How should the ICMP monitor and elements be configured and tuned for high volume monitoring?
The main factors on the ICMP monitor performance is the number of pings that are required to be sent to complete the current set of configuration and the time intervals allowed to complete them within.
The number of pings and timing intervals are controlled with the following element parameters:
- numberofpings: This configures how many pings are going to be sent for each element test. The default is 5.
- retries: This is the number of times a failed ping will be retried, this should be used to filter out dropped packets. The default is 0.
- failureretests: This is the number of times an element is retested if it fails, this is used to filter out transient failures. The default is 0.
- retestinterval: How long to wait before testing a failed element again in seconds. Only used if retests are configured. The default is 0
- packetinterval: This is delay between pings within an element in seconds. The default is 1.
- poll: The time in seconds between testing the element. The default is 300
Based on these configuration setting the total number of required pings can be calculated. Calculations assume that all elements are configured with the same options.
Best case scenario (all tests pass):
Total Pings = Number of elements * number of pings
Worse case scenario (all tests fail):
Total Pings = Number of elements * (number of pings * (retries + 1)) * (failure retests + 1)
Using the default configuration values in order to test 1000 hosts it would require the following number of pings:
Total Pings = 1000 * 5 = 5000 pings
If the elements were configured to be retested twice on failure the maximum number of pings would then be:
Total Pings = (1000 * 5 * (0 + 1)) * (2 + 1) = 15000
Adding a single retry for a failed pings onto this would require:
Total Pings = 1000 * (5 * (1 + 1)) * (2 + 1) = 30000
As the number of hosts required to be polled increases there are two main ways to tune the configuration, by increasing the poll interval to provide a larger time window to send the required pings and/or reducing the number of pings being sent per test. In order to reduce the number of pings required to complete an element the use of retries and retests should be kept to a minimum. Additionally consider reducing the number of pings per element from the default of 5.

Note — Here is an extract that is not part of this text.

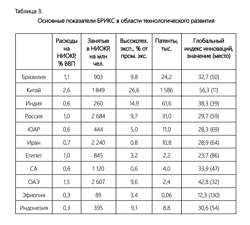 Китай лидирует по всем показателям, включая позицию в Глобальном рейтинге инноваций, который оценивает не только уровень технологического развития, но и развитость рынка и деловой среды, а также благоприятные институты. Однако далее страны БРИКС делят между собой следующие позиции, обладая разными преимуществами. В России, например, много работников с высшим образованием и довольно большая доля исследователей. Индия специализируется на создании медицинских препаратов, одним из высокотехнологичных направлений производства, и также обладает высокой долей высокотехнологичного экспорта.

The maximum throughput of the monitor can be configured using the following monitor properties:
- PingsPerSec: This is the maximum number of pings that the monitor will send every second if required. The default is 100.

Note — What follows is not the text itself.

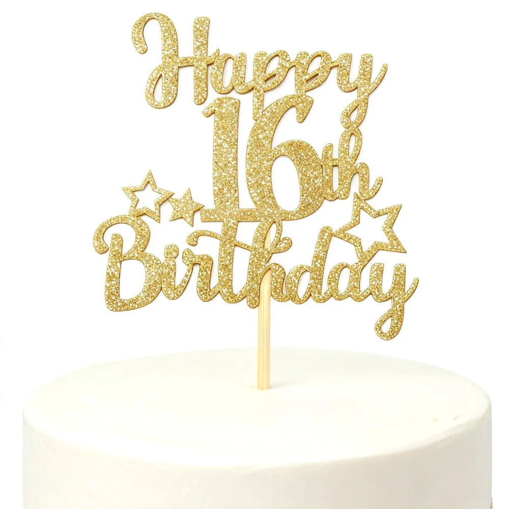 1 Pack Golden Sweet Teenager 16 Cake Topper 16th Birthday Cake Pick...

- IntraPingWait: This is the time interval in milliseconds that the monitor will wait between sending pings. The default is 0.

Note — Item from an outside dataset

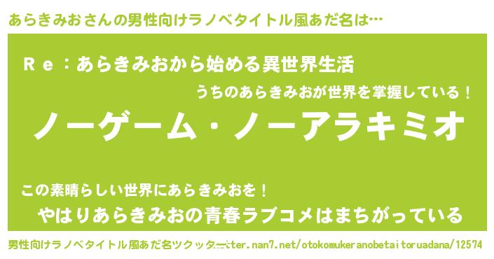 | 女子向けラノベタイトル風あだ名 | 『死神あらきみおの再婚』 |

Using the calculated total pings required value you can estimate a PingsPerSec setting by dividing it by the Total Pings by the poll interval.
PingsPerSec = 30000 / 300 = 100
This is only a rough estimate as it isn't taking into account the additional wait times for retests and intervals between pings in a test. Additionally this calculation is for the worst case scenario where every element will send the maximum number of pings possible. The total number of pings value can be adjusted to take into account the expected failure rate in your environment.
For example estimating a 10% failure rate:
Total Pings = 0.9 * Best Case Pings + 0.1 * Worst Case Pings = 0.9 * 5000 + 0.1 * 30000 = 7500
PingsPerSec = 7500 / 300 = 25
Caution should be taken with setting the PingsPerSec to larger values (1000 or more) as it can cause the ICMP monitor to flood the network with ICMP traffic. In some cases network infrastructure can detect this as a ping flood which can interrupt with the operation of the monitor if packets are dropped. In this case the IntraPingWait option might need to be enabled which will cause the monitor to space out the sending of ping values. Using this option will limit the throughput of the monitor and should only be used if absolutely necessary. It should be set using the following formula:
IntraPingWait < 1000 / PingsPerSec
A common cause of ping failures on multihomed machines is for the ICMP monitor to bind to the incorrect IP Address. This binding behavior can be controlled with the following properties:
- IpAddress: This determines the Address that IPv4 ICMP requests will be sent from. The default is "".
- Ipv6Address: This determines the Address that IPv6 ICMP requests will be sent from. The default is "nobind".